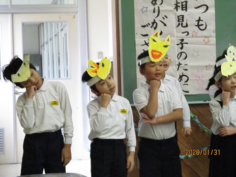 子ども達はこぎつねに変身して、歌います。詩の朗読をします。
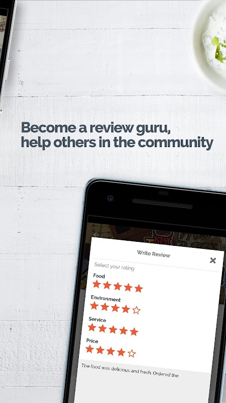 - Reviews: Did the atmosphere work for you? Did you get Chinese when you wanted Italian? Is the restaurant near you or far? Decide on the restaurant you're willing to spend your money on, based on restaurant-specific information provided on the app including price range and ratings obtained from weighted averages of user generated feedback.
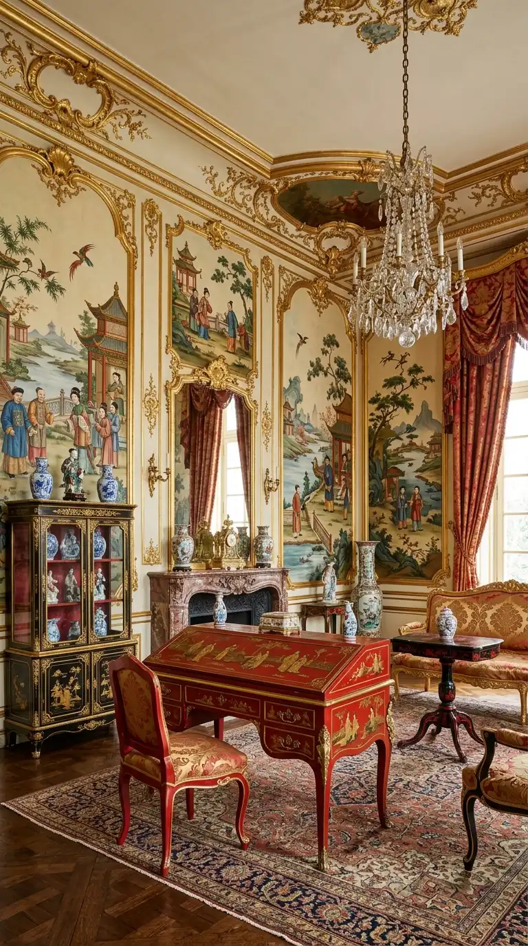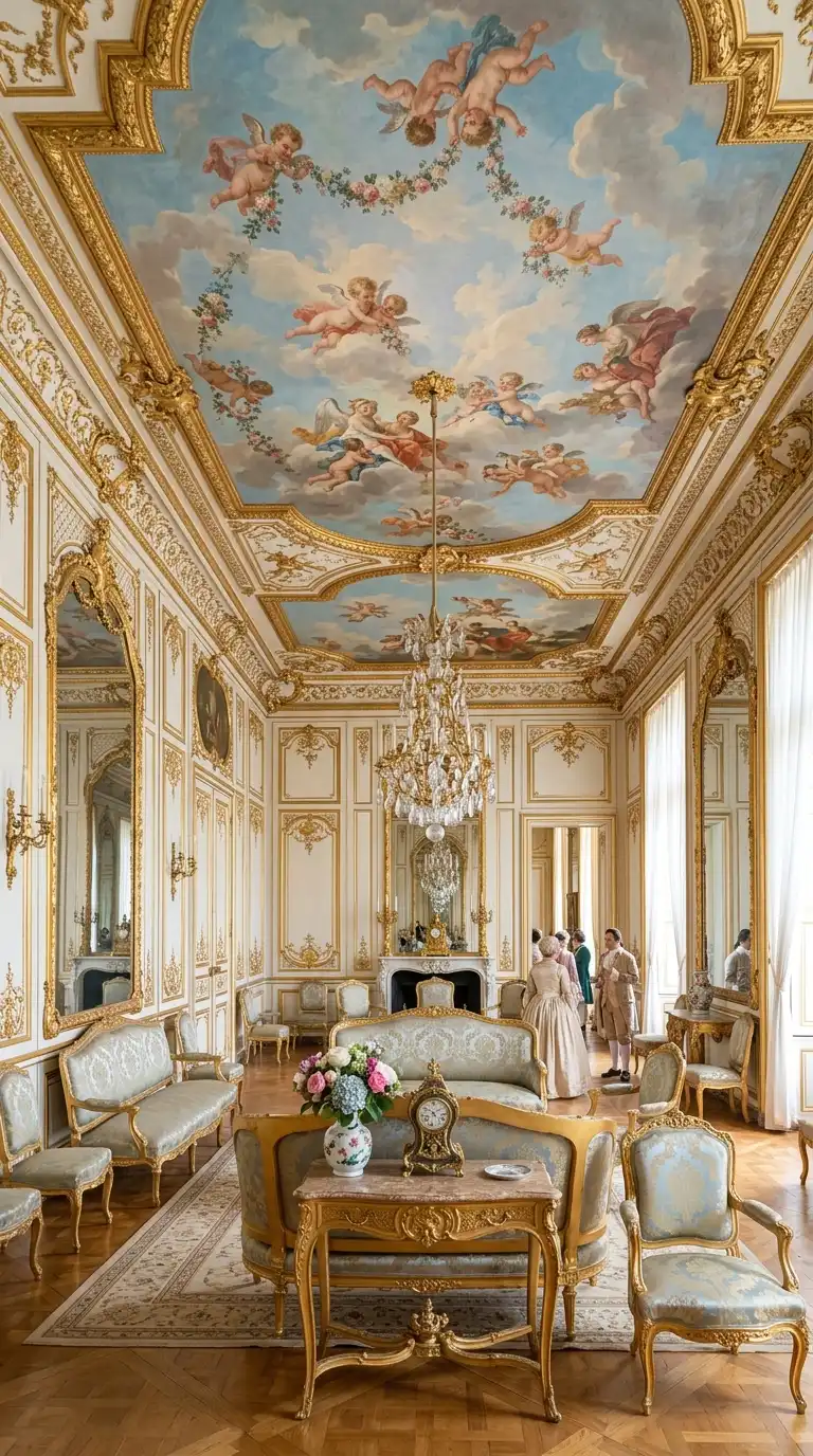 The salon is the heart of the Rococo interior. The walls are panelled in white and gold. The ceiling is painted with clouds and cherubs. The mirrors reflect the light. The furniture is curved and gilded. The salon is light, playful, and social.
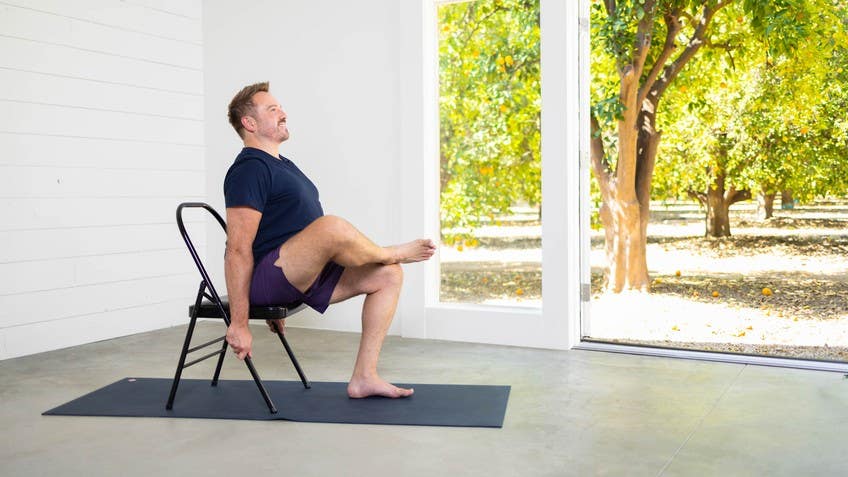 And I want you to reach forward through the legs, through the feet, through the toes. Just creating a little extra space here and the sacrum and the pelvis. Take a few more breaths. And then let the legs relax. Bring your feet to the edge of the seats.
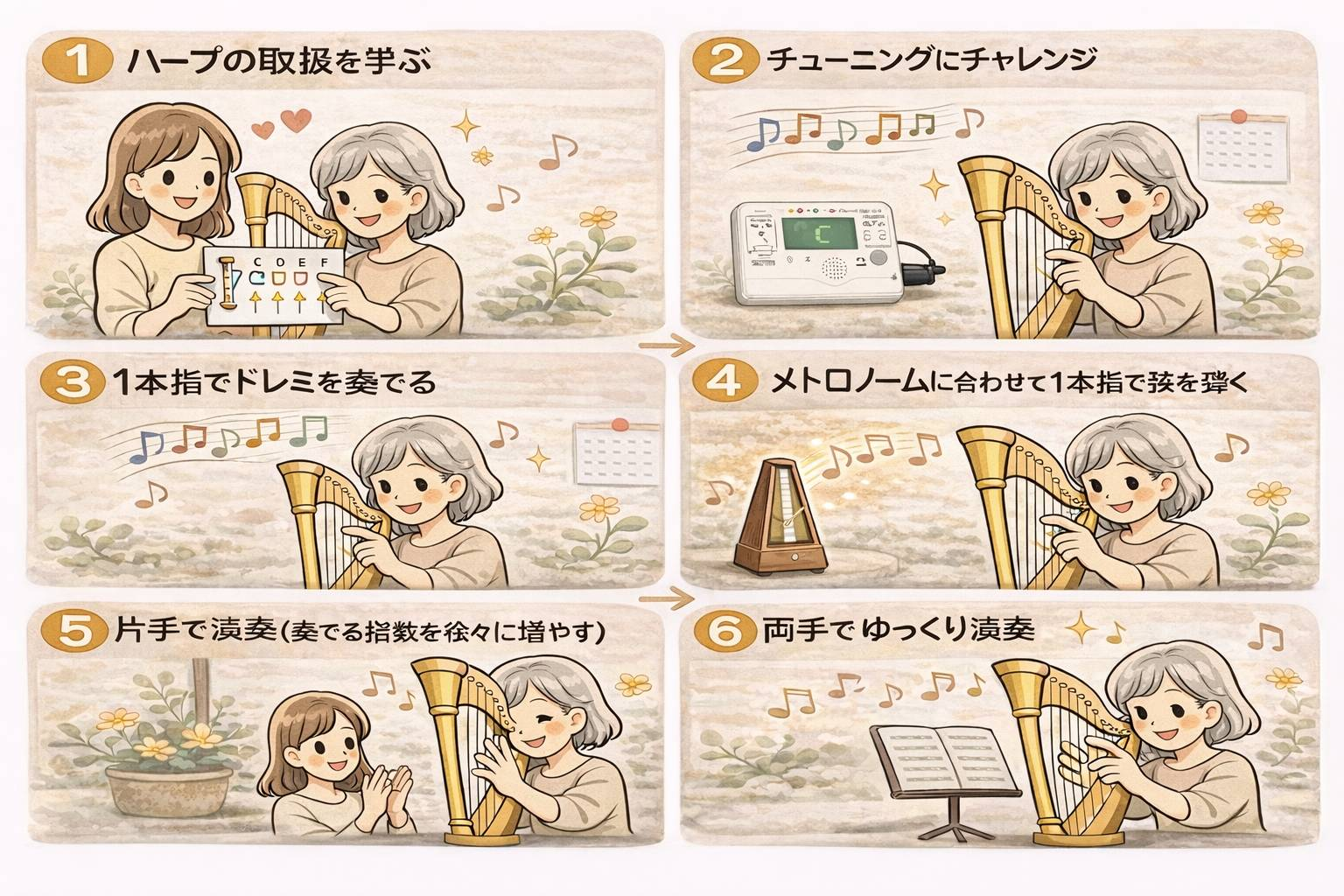 「楽器は初めて」「音楽は久しぶり」 という方のためのハープ教室です。

--------------------

- **Task details**
Ignoring the pictures, write out word for word the lines from the line containing "The salon is the" through the end of the material above.

- **Reply**
 The salon is the heart of the Rococo interior. The walls are panelled in white and gold. The ceiling is painted with clouds and cherubs. The mirrors reflect the light. The furniture is curved and gilded. The salon is light, playful, and social.
 And I want you to reach forward through the legs, through the feet, through the toes. Just creating a little extra space here and the sacrum and the pelvis. Take a few more breaths. And then let the legs relax. Bring your feet to the edge of the seats.
 「楽器は初めて」「音楽は久しぶり」 という方のためのハープ教室です。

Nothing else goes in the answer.